«Отец во второй половине 80-х продолжал сниматься: например, у Лотяну в „Анне Павловой“ перевоплотился в балетмейстера Михаила Мордкина, принял участие в совместной работе Советского Союза и Румынии — картине „Мария, Мирабела в Транзистории“, где, кстати, у него комедийная роль. В 90-е годы молдавский кинематограф переживал глубокий кризис, с театром у папы пути давно разошлись. Но он мечтал что-то поставить сам, например „Маленькие трагедии“ Пушкина, где они с моим братом Траяном, который тоже стал актером, сыграли бы Моцарта и Сальери. Не получилось.
Жизнь вокруг папы сжималась, а тут слегла мама: развился цирроз печени, и она угасла в считаные недели. Отец был подавлен, растерян. Через какое-то время начал подумывать заново устроить личную жизнь: ему, когда овдовел, не было и шестидесяти. Романы у него возникали с женщинами за сорок, папа воспринимал эти отношения серьезно. Но однажды встретился на вечеринке с Лотяну, представил ему новую подругу, и Эмиль Владимирович застыл на месте, а потом тихо спросил: „Григоре, что с тобой?“ Видимо, дама отцу, не знаю почему, не подходила.
Папа ценил женскую красоту, умел делать комплименты. Но представительницы слабого пола часто перед ним робели. Вспоминаю, как он повез нас с Траяном на море, мама осталась в городе. В автобусе заприметил высокую блондинку с ослепительной улыбкой и решил с ней пообщаться. Девушке явно льстило внимание известного актера, но она, видимо, чувствовала себя неловко. Не из-за обжигающего ли огня в отцовском взгляде, который так нравился женщинам на экране, но смущал в жизни? Видимо, только мама была ему вровень своей внутренней силой. Он как-то признался, что после потери жены жизнь ему стала скучна без большой любви. И без кино.
Нет, папа находил себе занятия и дома бывал редко, а жили мы по-прежнему вместе. Переночует, позавтракает и исчезает. Купил ружье и ездил с друзьями на охоту, раньше времени не находилось. Возвращался измотанный, натоптав за день километров двадцать, но радостный. Добычу скрупулезно разделывал в проеме кухонной двери. Смотреть на то, как он освежевывает косулю, я, человек впечатлительный, не мог, а уж если варил кабанье мясо, впору было всей семьей сбегать из дому. Но ему нравились и запах дичи, и голый осенний лес, по которому бродил с ружьем.

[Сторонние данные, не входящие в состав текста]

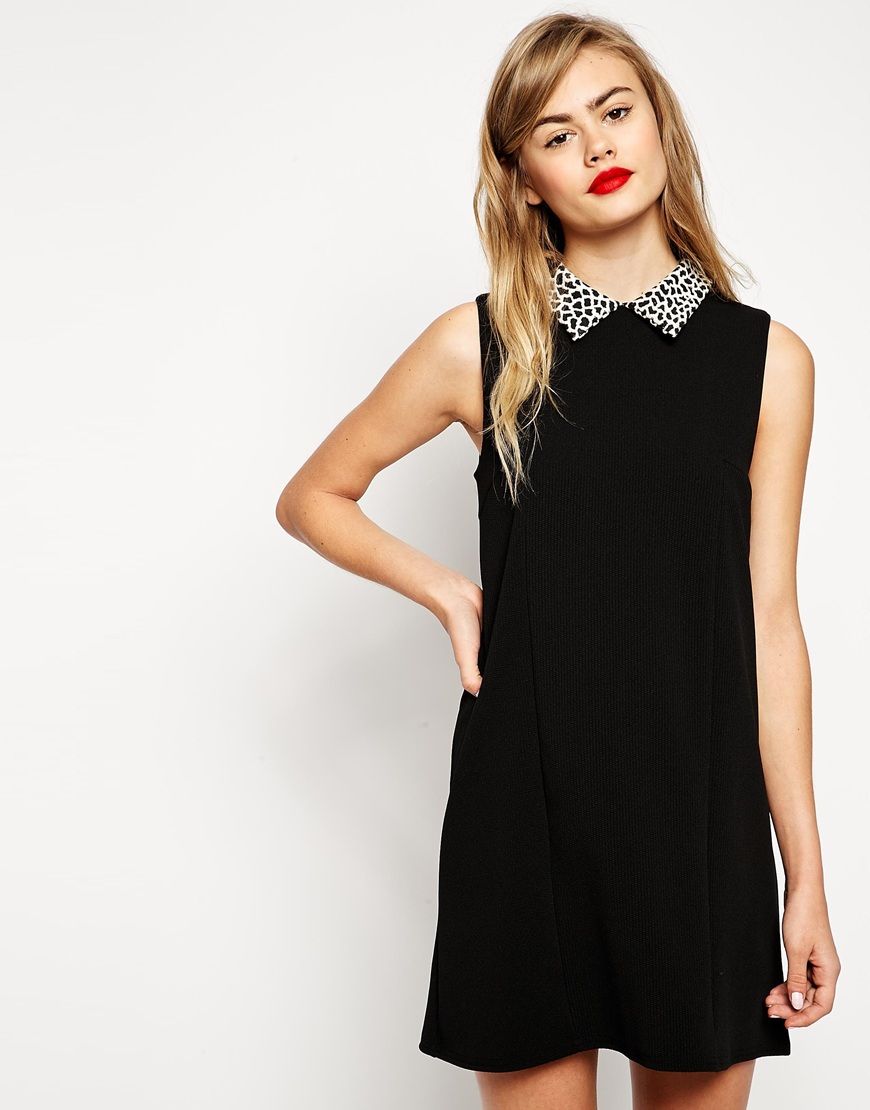 Achetez ASOS - Robe droite texturée avec col à motif, robe Asos pour femme sur Pickture, dans les tendances ASOS, Robe, motif, animal, Noir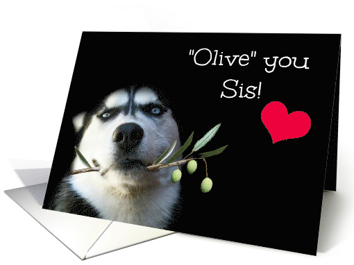 A cute and fun way to say Happy Birthday to your sister! Nothing cuter then a blue eyed husky, and this one has an olive branch in her mouth. Tell your sis OLIVE YOU on her birthday!

Если коротал вечер дома, то смотрел спортивные передачи и громко их комментировал. Натыкаясь на фильм со своим участием, тоже начинал диалог — с самим собой, подмечая неровности актерской игры: „Что же ты делаешь, бедненький!“ Или: „Милый ты мой, ну как это?!“ Бывало, брал с полки сборник стихов и принимался декламировать. Читал час или два, ни для кого, просто давая волю голосу. Он не сдавался.
Лотяну собирался делать картину под названием „Яр“ — о знаменитом московском ресторане, где выступали цыгане. Нашел исполнительницу главной роли — дочери цыганки и князя Голицына — пятнадцатилетнюю словачку Петру Фильчакову. Григоре он предложил сыграть трубача, и отец начал осваивать инструмент. Уходил в парк и часами дул в трубу, говорят, получалось неплохо… Увы, Лотяну, считавший, что хвори и возраст не про него писаны, заболел и весной 2003-го умер. Папа тяжело переживал потерю близкого друга. Кроме того, понимал: никто не будет снимать его так, как Эмиль Владимирович».